Items listed in a dataset:
☆ ☆ ☆
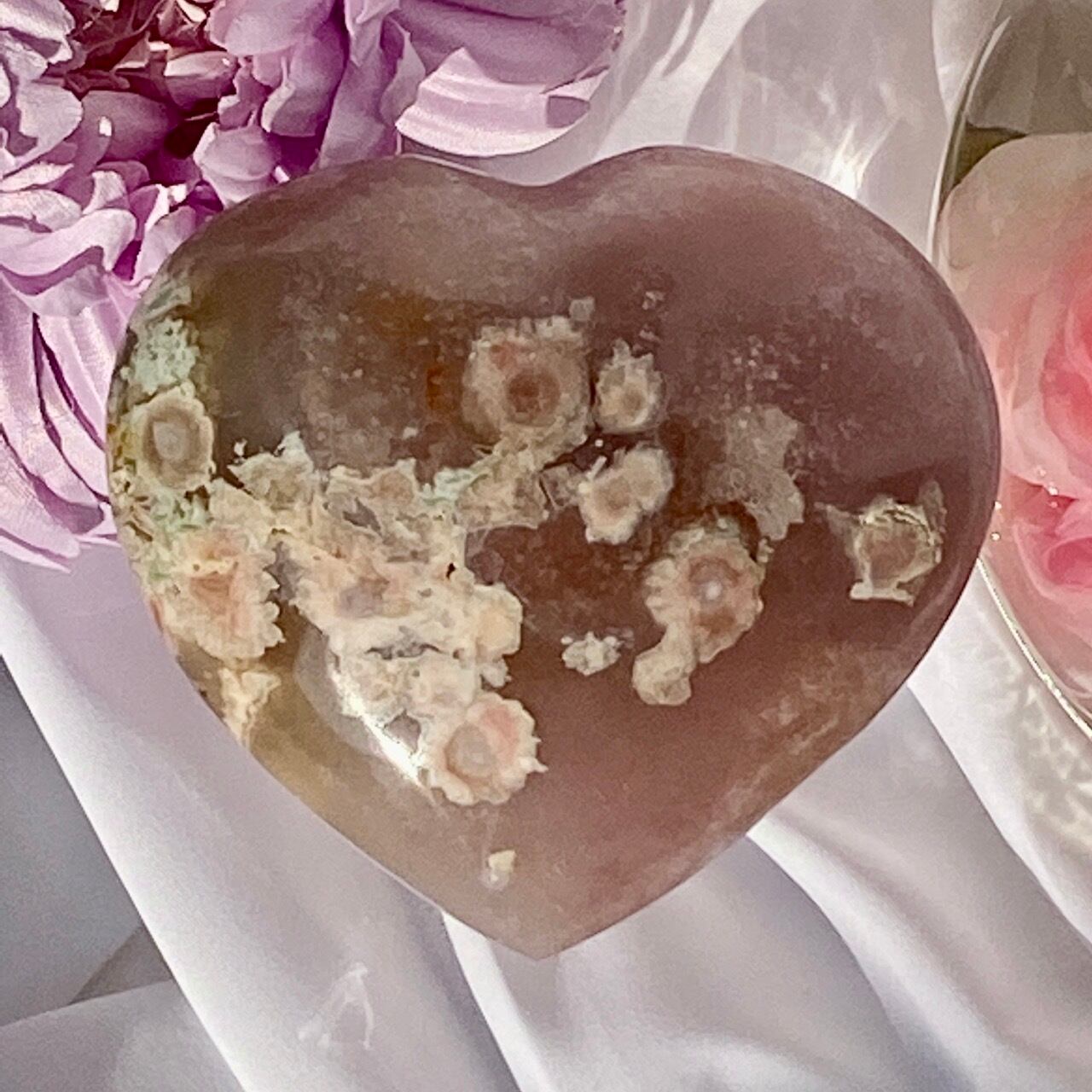 【W77mm】フラワーアゲートのハート Flower Agate Heart AC3234
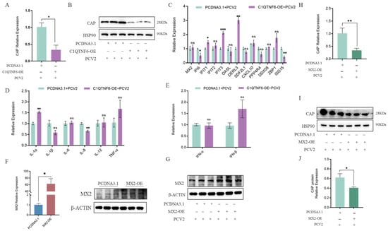 Based on these observations, it is hypothesized that the antiviral activity of C1QTNF6 against PCV2 is mediated, at least partially, through the upregulation of MX2. To test this, MX2 was overexpressed in 3D4/21 cells, resulting in a significant reduction in both Cap gene transcription and Cap protein expression levels of PCV2. This confirms that MX2 exerts a direct antiviral effect against PCV2 infection. Collectively, these findings support the conclusion that C1QTNF6 inhibits PCV2 replication, at least in part, by inducing the expression of MX2 (Figure 7).
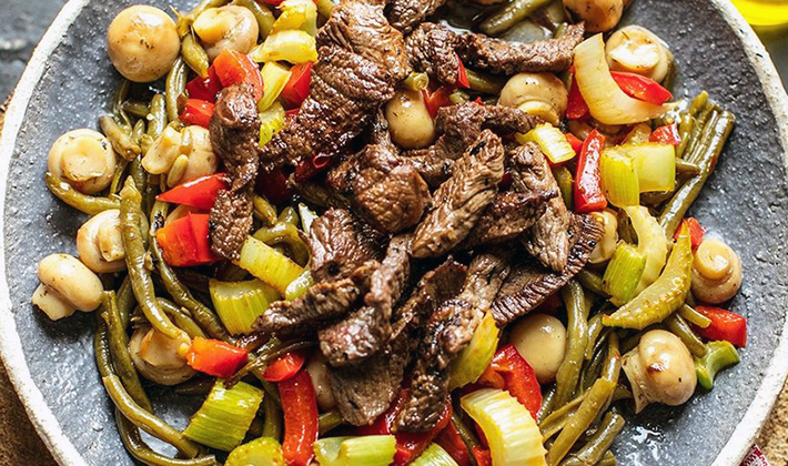 Salade aux champignons en conserve, boeuf et moutarde
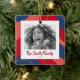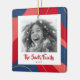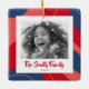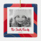 Christmas ornament with custom photo and red, pink and dark blue border.
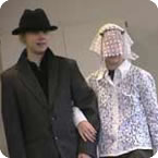 und eine Klezmermusikgruppe steht. Die Musik der Klezmorim
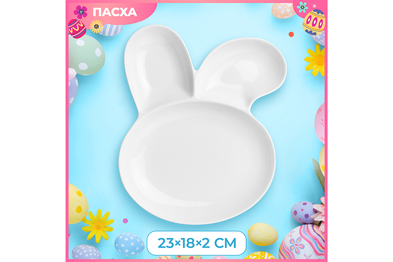 БЫЛО 663 руб! Блюдо - менажница 3 секции 23*18,5*2,5 см "Заяц" цельная, фарфор
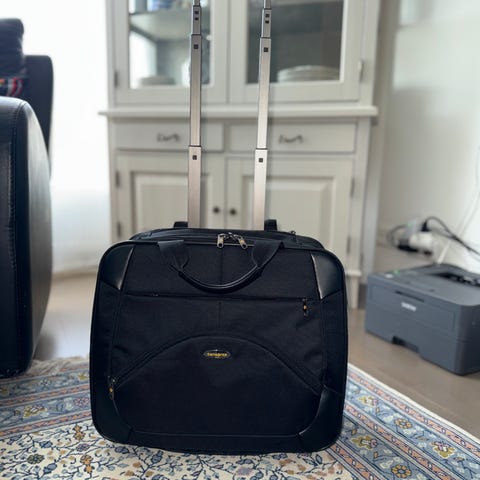 Tyylikäs ja käytännöllinen musta Samsonite-pyörälaukku. Laukku on käytetty, mutta hyvässä kunnossa ja sitä on pidetty hyvin huolta. Pyörät ja teleskooppikahva toimivat sujuvasti, ja kaikki vetoketjut ovat ehjiä ja toimivia.
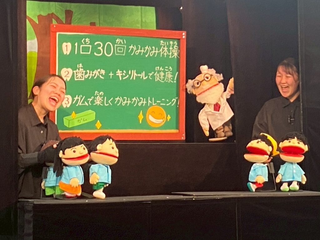 株式会社ロッテ様と本学のコラボ企画として、子ども教育学部の児童文化部「ぱれっと」による噛むことPR人形劇『しあわせ あは歯!』を開発・上演いたしました。
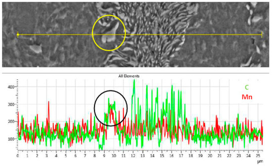 SEM-EDS line scan showing the segregation of C and Mn in the pearlite and Fe3C carbides.
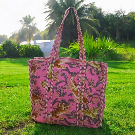 Handmade Quilted Tote Bag-Pink Tiger
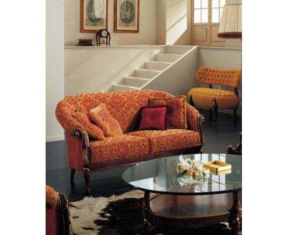 Диван Circe oro 1202 выполнен в классическом стиле на каркасе, изготовленном из массива бука. Утонченные ножки кабриоли окрашены в темный цвет. Невысокая мягкая закругленная спинка плавно переходит в подлокотники, которые украшены деревянным фигурным элементом. Сиденье состоит из двух подушек. В качестве обивки использована ткань с набивным рисунком.
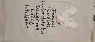 Maglietta a maniche lunghe con una stampa di un cuore e parole. - Cuore decorato con texture. - Scritta Famous, Reckless, Unforctable, Dangerous, Lucky, Intelligent.
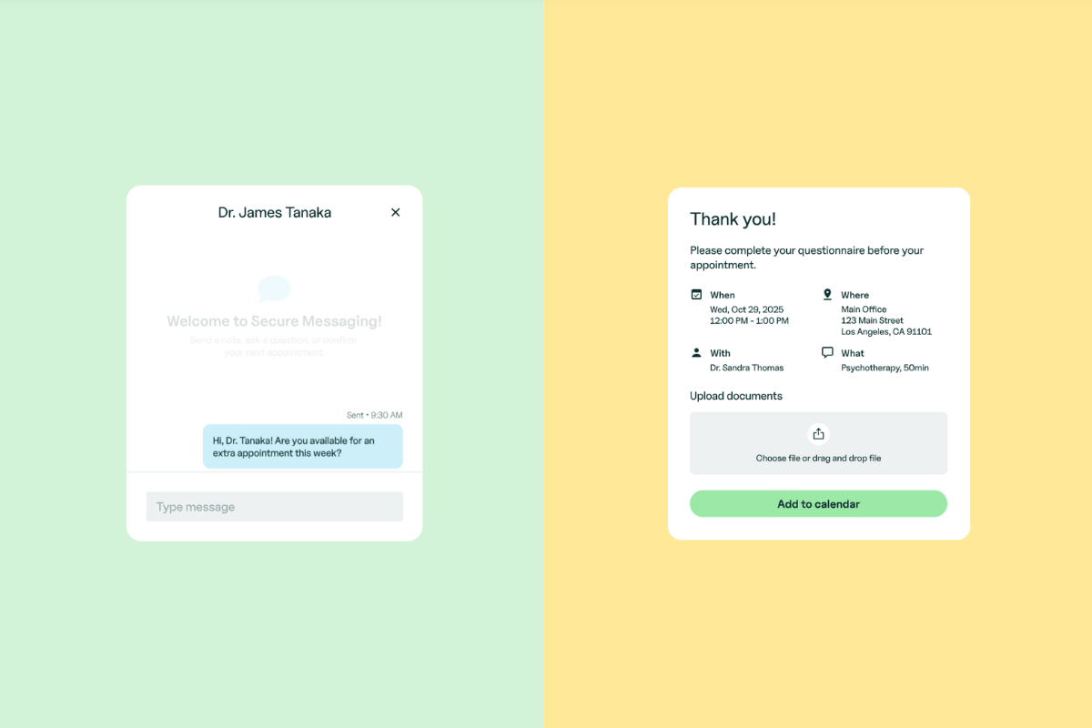 With SimplePractice’s automated intake flow, if a new client reaches out while you’re gone, they can still:
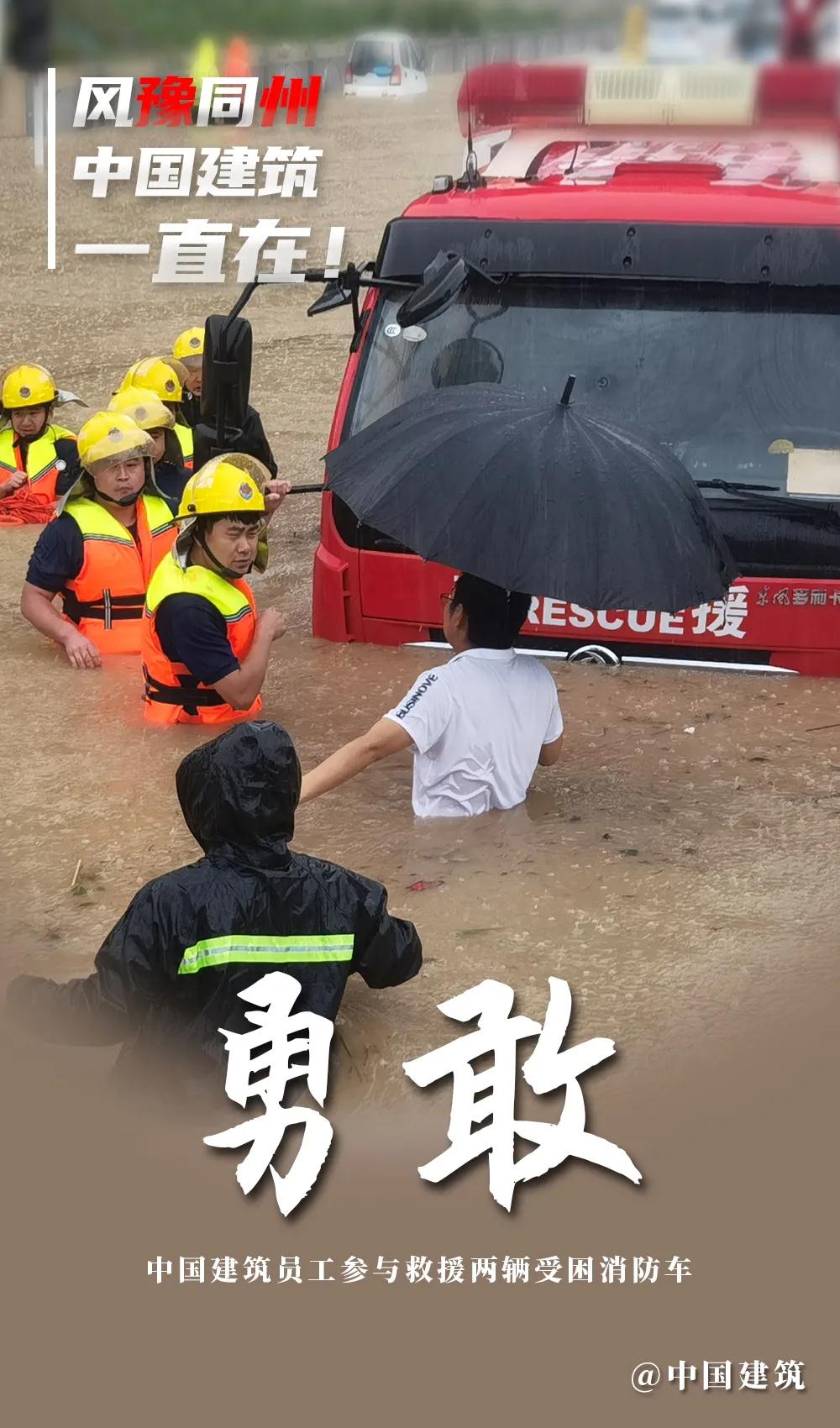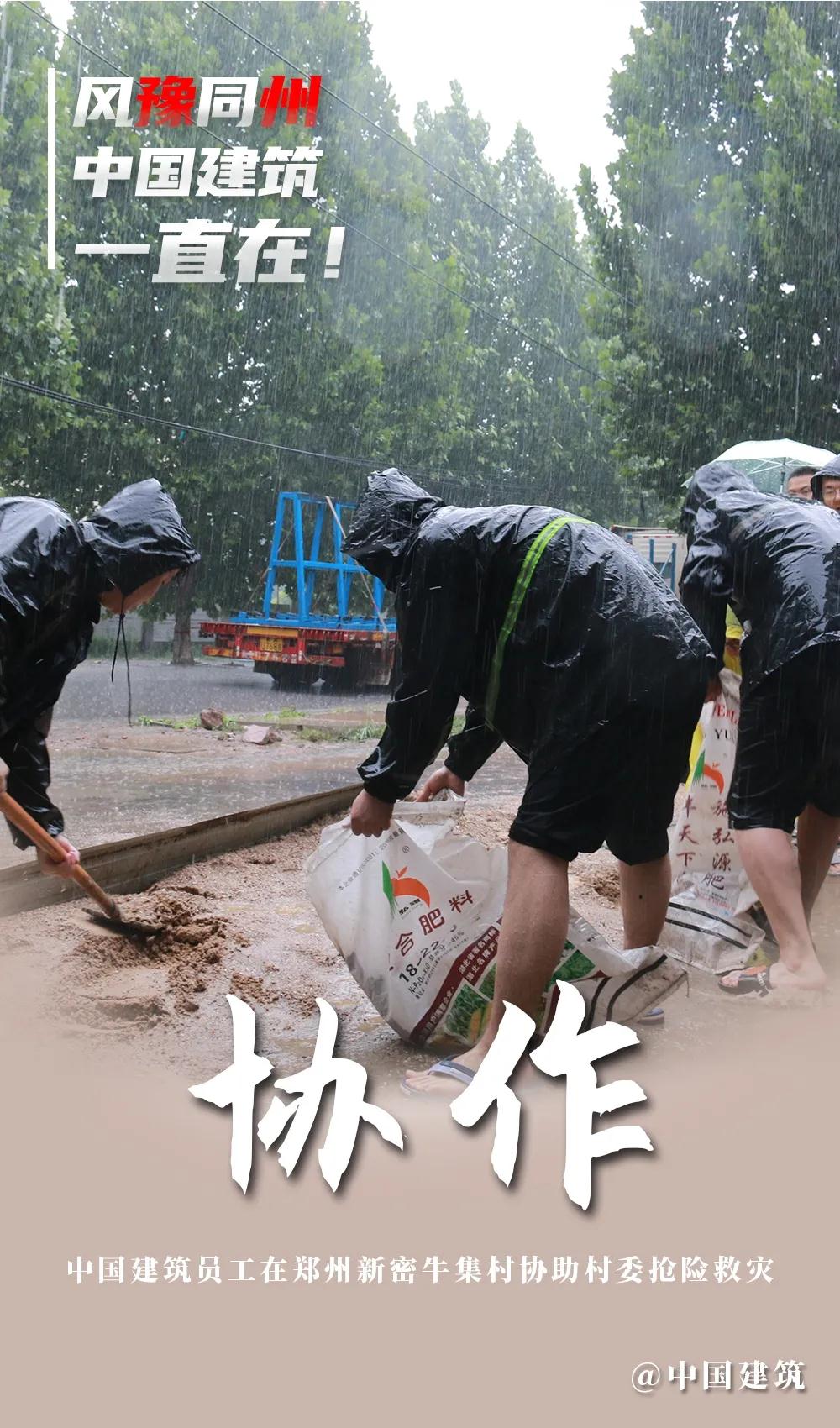 中国建筑紧急部署、迅速行动,第一时间启动最高等级应急预案,集团在豫各子企业在稳定自身汛情的同时,密切配合地方指挥部署,把确保人民群众生命财产安全放在第一位,发挥自身专业特长和资源优势,提供救援物资,勇担救援重任,协助当地妥善转移安置受灾群众,帮助维护水库堤坝、抢修桥梁道路、疏通河道沟渠......全面开展防汛救灾工作。
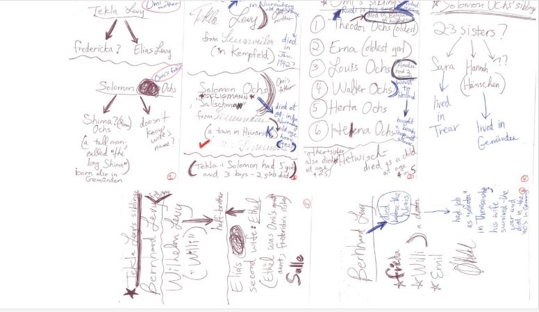 Karen Ochs-Amsterdam (mit Regenschirm) besuchte 2023 mit ihrem aus Chile stammenden Ehemann den Geburtsort ihrer „Omi Helene“. Sie versuchte bei ihrem Streifzug durch Gemünden mit Hilfe ihrer Aufzeichnungen, die sie als 18-jährige nach einem Gespräch mit ihrer Großmutter gemacht hatte, etwas über deren tragische Lebensgeschichte herauszufinden Sie suchte nach dem Wohnhaus ihrer geliebten Oma, nach dem Standort der früheren Synagoge und begab sich schließlich auf den „neuen jüdischen Friedhof“ um auf den Gräbern von Verwandten Steinchen niederzulegen. Sie fand niemanden, der Auskunft über die deutsch-jüdische Geschichte des Ortes und ihrer Vorfahren geben konnte oder wollte. Wieder in Kalifornien, wandte sie sich an den Förderkreis Synagoge Laufersweiler mit seinem Forst-Mayer-Studienzentrum für das Landjudentum. Es begann eine einjährige Recherche und ein enger Mailkontakt, der schließlich mit einem nochmaligen Besuch am 23.5.2024 und im November 2024 mit der Errichtung eines Denkmals an der Stelle der früheren Synagoge vorläufig endete.
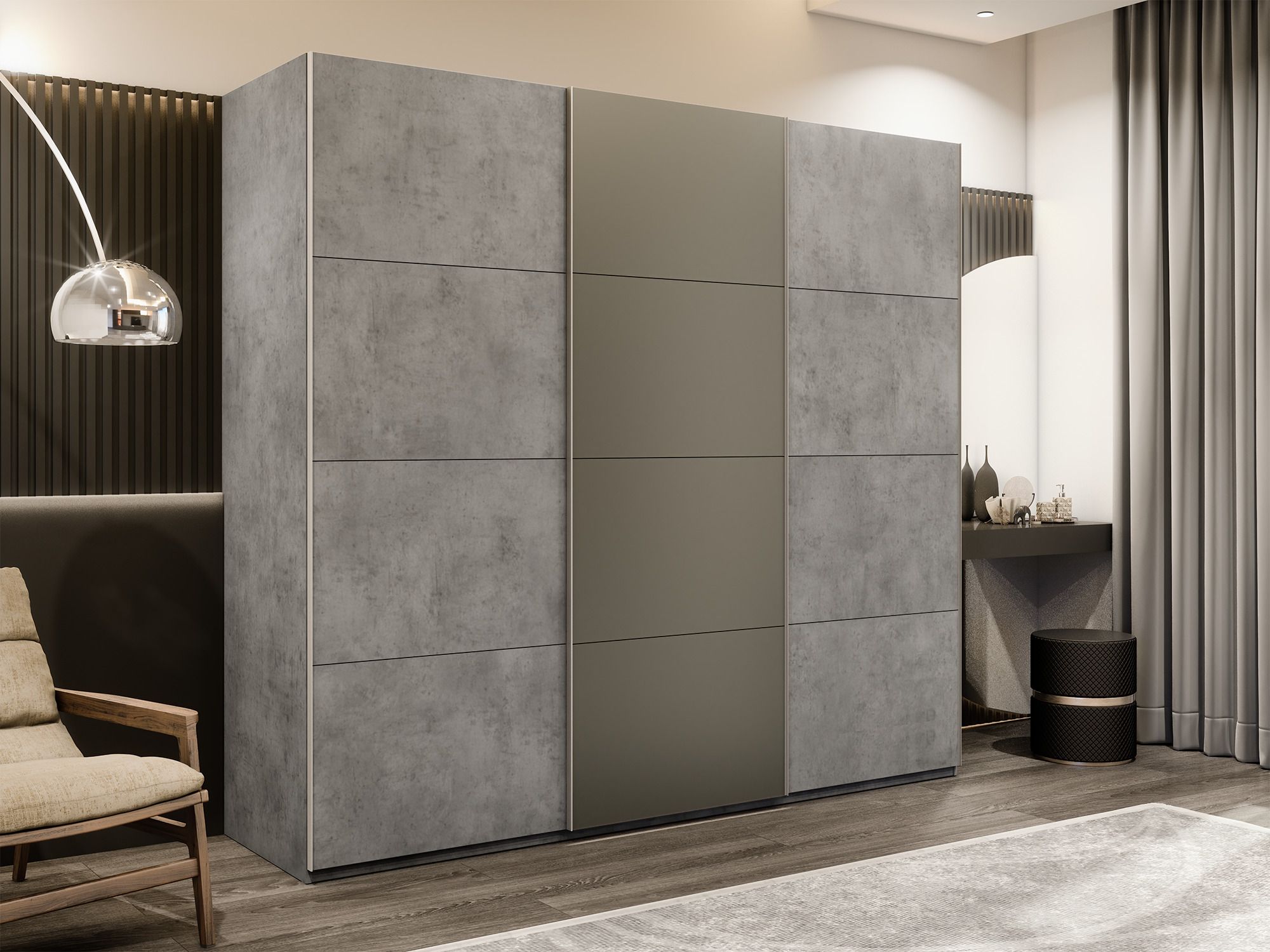 Отзывы о Столплит Шкаф-купе Эста 3-х дверный ДСП/Стекла хаки/Доводчик 240х66х240 Бетон
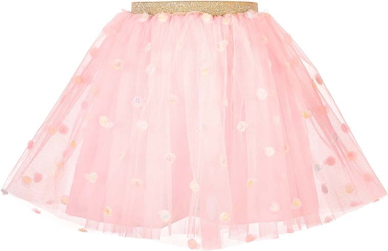 Preslatka svjetloružičasta til suknja za male djevojčice u dobi 3–5 godina oduševit će klasičnim raširenim krojem, elastičnim podesivim pojasom i nježnim ružicama na više slojeva tila. Ima glatku podstavu za udobnost i ukrasnu zlatnu vrpcu u struku – idealna za zabave, karneval, fotografiranje i svakodnevnu igru.
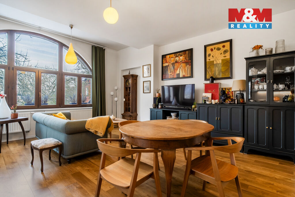 Nabízíme k prodeji luxusní byt 3+kk o užitné ploše 100 m², situovaný v klidné vilové části. Tento exkluzivní byt se nachází ve zrekonstruované vile, která nabízí nejen moderní bydlení, ale i klidné prostředí a soukromí. Byt je umístěn v 1. nadzemním podlaží a je navržen s důrazem na komfort a styl. Interiér je luxusně zařízený a veškerý nábytek je laděn do sjednoceného designu. Byt je vytápěn plynovým kotlem, což zajišťuje příjemnou teplotu po celý rok. K bytu náleží také zahrada, specifikovaný podíl ideální pro vlastní relaxaci a dále soukromé parkovací místo. Pokud hledáte bydlení, které spojuje klidné prostředí s moderními prvky a komfortem, tento byt je pro vás ideální volbou. Neváhejte a domluvte si prohlídku ještě dnes!
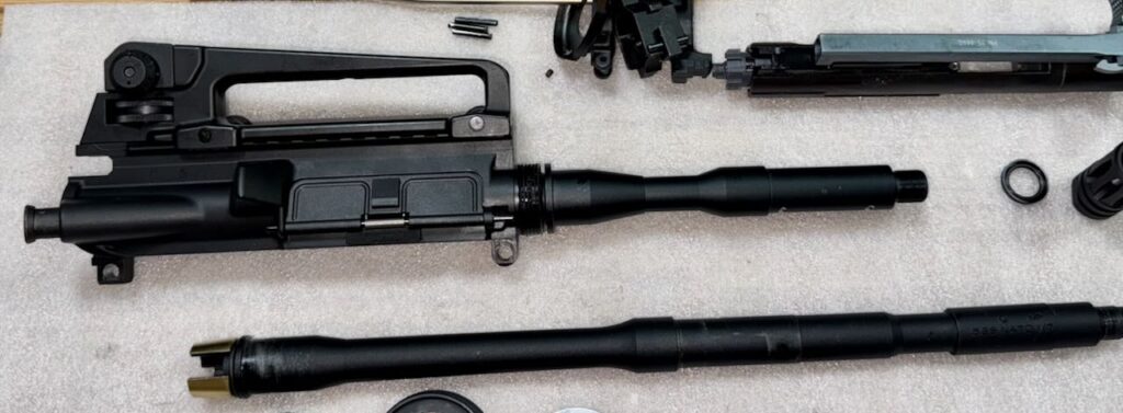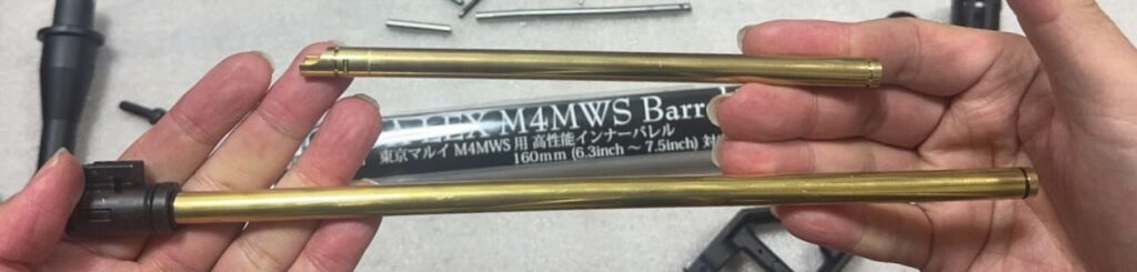 M4A1 カービンに入っているインナーバレルは長さ250mm。これを160mmのものに交換する。買ったのは ORGA LEX05バレル 内径6.05mm マルイ M4MWS用 160mm(6.3~7.5inch)。
☆ ☆ ☆
The expected output is the lines above from the one containing "Christmas ornament with" to the one containing "Tyylikäs ja käytännöllinen", both ends included, reproduced exactly with every picture left out.

 Christmas ornament with custom photo and red, pink and dark blue border.
 und eine Klezmermusikgruppe steht. Die Musik der Klezmorim
 БЫЛО 663 руб! Блюдо - менажница 3 секции 23*18,5*2,5 см "Заяц" цельная, фарфор
 Tyylikäs ja käytännöllinen musta Samsonite-pyörälaukku. Laukku on käytetty, mutta hyvässä kunnossa ja sitä on pidetty hyvin huolta. Pyörät ja teleskooppikahva toimivat sujuvasti, ja kaikki vetoketjut ovat ehjiä ja toimivia.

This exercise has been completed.